Record review: Rolling Blackouts – Talk Tight (2015, EP)

rolling blackouts talk tight

Most of us, at one time or another, have wanted to take off across some dusty plain with nothing but a faithful old heeler on the passenger seat, one sunburned arm hanging out the driver’s window and maybe a couple of cartons of brews in the back. Melbourne quintet Rolling Blackouts might have made just the EP for such a trip: Talk Tight is a five-track effort of guitar pop with so many links to the McLennan-Forster songbook of 1988 that it could almost be mistaken for a period piece.

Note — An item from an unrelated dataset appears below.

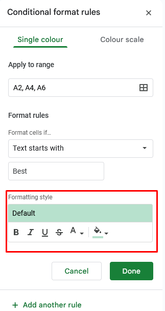 - ΣτοΣτυλ μορφοποίησηςΤμήμα, μπορείτε να επιλέξετε το χρώμα κειμένου και φόντου που θέλετε να προστεθούν στο κείμενο ή σε ολόκληρο το κύτταρο και τις επιλογές μορφοποίησης κειμένου, όπως BOLD, ITALIC και Strikethrough.

A compliment so heady shouldn’t be handed out willy-nilly, of course, but in this case it’s deserved; the young band’s jangly guitar sound is some seriously top-drawer Australiana. It’s pretty laidback going in the most part, though, so it’s a ride we’re all welcome to come along on. Opener ‘Wither With You’ gets the motor started and wheels rolling with a plenty of guitar hooks, before lead single ‘Wide Eyes’ cleans out the cobwebs of its fuzzy opening with an all-guns-blazing alt-country climax. ‘Heard You’re Moving’ is a straightforward and charming guitar-pop number that cleverly takes a minute before the vocals kick in, while ‘Clean Slate’ gets all garage-jam massive before breaking back down to where it started, before ‘Tender is the Neck’ closes the deal with a tenderness that is both unexpected and welcome. If you like your indie-rock freewheeling and chock full of charm, these boys have you covered.